POURQUOI LE MAGHREB EST EN CRISE ?
Au VIIe siècle, l’Afrique du Nord connaît une grande phase de transition politique et sociale. L’ancien ordre byzantin recule progressivement après la prise de Carthage, tandis que les Omeyyades avancent et organisent leur pouvoir dans la région.
Le centre politique se déplace vers Kairouan, qui devient une base administrative et militaire importante. Cependant, ce contrôle reste incomplet. Les villes sont dominées, mais les zones rurales et montagneuses échappent encore largement à l’autorité centrale.
Les Aurès, en particulier, sont organisés en tribus berbères autonomes. Il n’existe pas d’État unifié dans ces espaces, mais des confédérations tribales locales aux intérêts différents.
C’est dans ce contexte instable que la Kahena apparaît. Elle parvient à structurer temporairement une résistance face à une puissance impériale arabe en expansion. Son rôle s’inscrit donc dans une période où le Maghreb hésite encore entre fragmentation locale et intégration dans un nouvel empire arabe en construction.
COMMENT LA KAHENA PAYSAGES A-T-ELLE RÉSISTÉ ?
Le cœur du conflit oppose al-Kāhina aux forces de Ḥassān ibn al-Nuʿmān. Dans un premier temps, elle parvient à unir plusieurs tribus berbères autour d’un objectif commun : repousser l’avancée omeyyade.
Sa stratégie repose sur la connaissance du terrain et une guerre de mouvement efficace. Dans les montagnes des Aurès, elle utilise la mobilité pour surprendre les armées adverses et ralentir leur progression. Pendant une période, elle réussit à freiner fortement leur expansion en direction du centre de l’Ifriqiya.
Mais la situation évolue.
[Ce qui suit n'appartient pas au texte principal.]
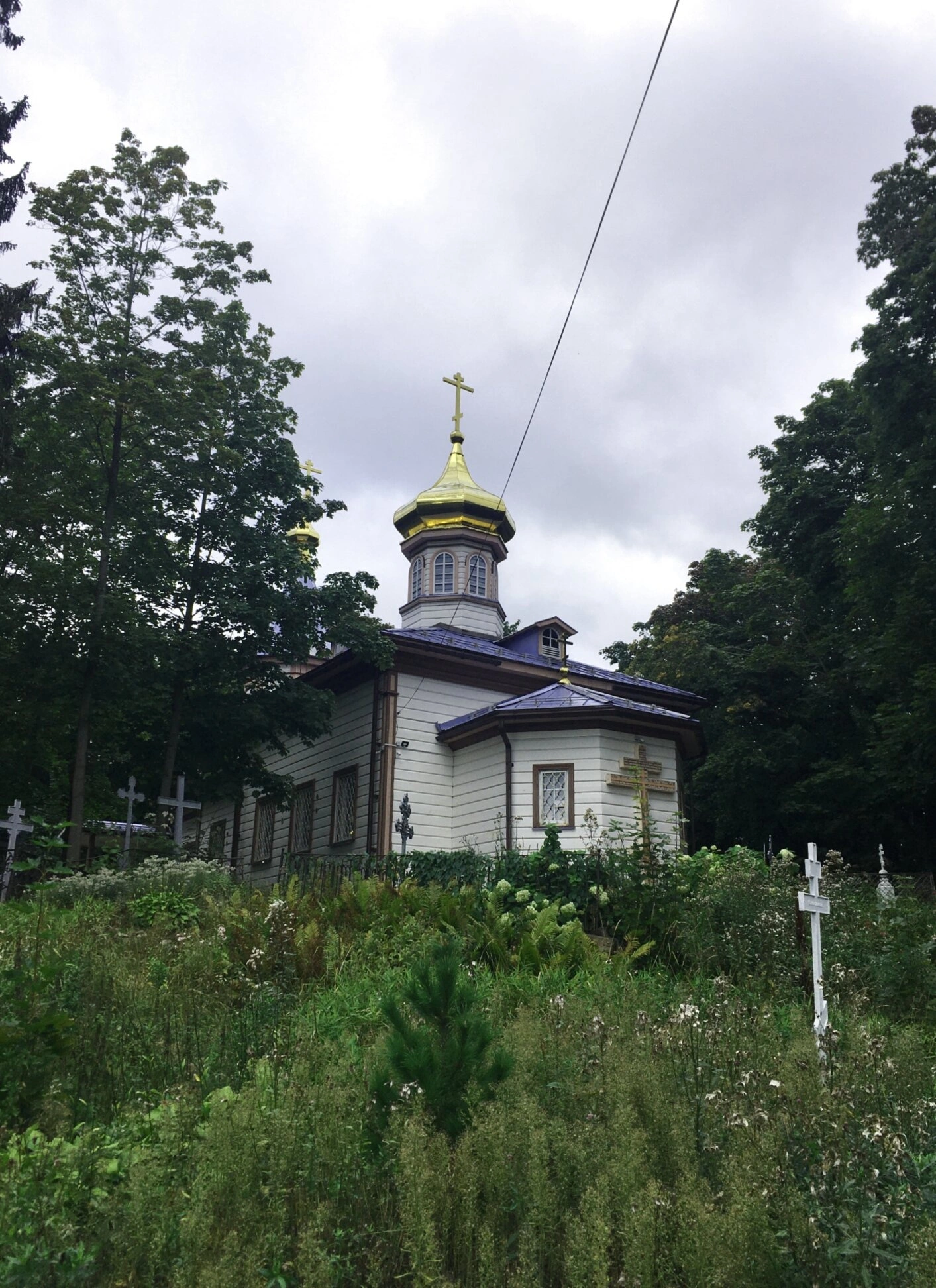 На представленной фотографии запечатлён величественный образ храма Святой Великомученицы Екатерины, расположенного в городе Петрозаводске. Святыня, увенчанная золочёным куполом с воздвигнутым на нём крестом, сияет под небом Карелии, являя собой пример духовного steadfastния и архитектурной гармонии. Храм окружён спокойствием прихрамовой территории, где среди ухоженной зелени и деревьев виднеются намогильные кресты, свидетельствующие о наличии церковного кладбища.

Les Omeyyades changent de méthode. Ils ne se limitent plus à la confrontation militaire. Ils commencent à intégrer certaines tribus berbères dans leur système politique et militaire. Cette stratégie fragilise progressivement l’unité construite par la Kahena.
En parallèle, son surnom de « devineresse » nourrit différentes interprétations. Il peut évoquer une autorité spirituelle ou une lecture du futur, mais aussi symboliser, dans les récits historiques, une figure attachée à un monde ancien, aux rites païens, face à un nouvel ordre politique en construction.
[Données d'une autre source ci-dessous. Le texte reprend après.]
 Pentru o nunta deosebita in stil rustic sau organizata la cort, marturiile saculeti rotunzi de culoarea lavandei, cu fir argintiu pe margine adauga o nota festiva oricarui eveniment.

POURQUOI sES PROPRES FILS PAYSAGES l'ont trahi?
L’un des épisodes les plus marquants de cette histoire est celui des fils de la Kahena. À un moment clé du conflit, ils quittent le camp de leur mère pour rejoindre les forces de Ḥassān ibn al-Nuʿmān. Ce choix dépasse largement le cadre familial et personnel.
Il reflète un basculement profond au sein des sociétés berbères. Une partie des élites locales ne croit plus à la possibilité d’une résistance durable face aux Omeyyades. Elles considèrent désormais que l’avenir passe par l’intégration dans le nouvel ordre politique et religieux en construction.
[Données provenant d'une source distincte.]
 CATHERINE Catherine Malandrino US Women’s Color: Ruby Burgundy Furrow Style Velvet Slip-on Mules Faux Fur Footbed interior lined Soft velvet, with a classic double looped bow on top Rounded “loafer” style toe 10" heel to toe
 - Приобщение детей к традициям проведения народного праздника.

Ce moment illustre une fracture importante. Le conflit n’est plus seulement militaire. Il devient aussi social, politique et générationnel. D’un côté, une résistance qui cherche à préserver un ordre ancien. De l’autre, une dynamique impériale qui propose intégration, organisation et ouverture vers un espace beaucoup plus large.
Quelques années plus tard, cette intégration aura des effets durables. Les berbères, nouveaux musulmans, participeront aux grandes expansions vers Al-Andalus et à la construction du Maghreb musulman.
après LA CHUTE DE LA KAHENA ?
La défaite de la Kahena dans les montagnes des Aurès marque un tournant majeur dans l’histoire du Maghreb. Elle met fin à une tentative importante d’unification des tribus berbères face aux Omeyyades.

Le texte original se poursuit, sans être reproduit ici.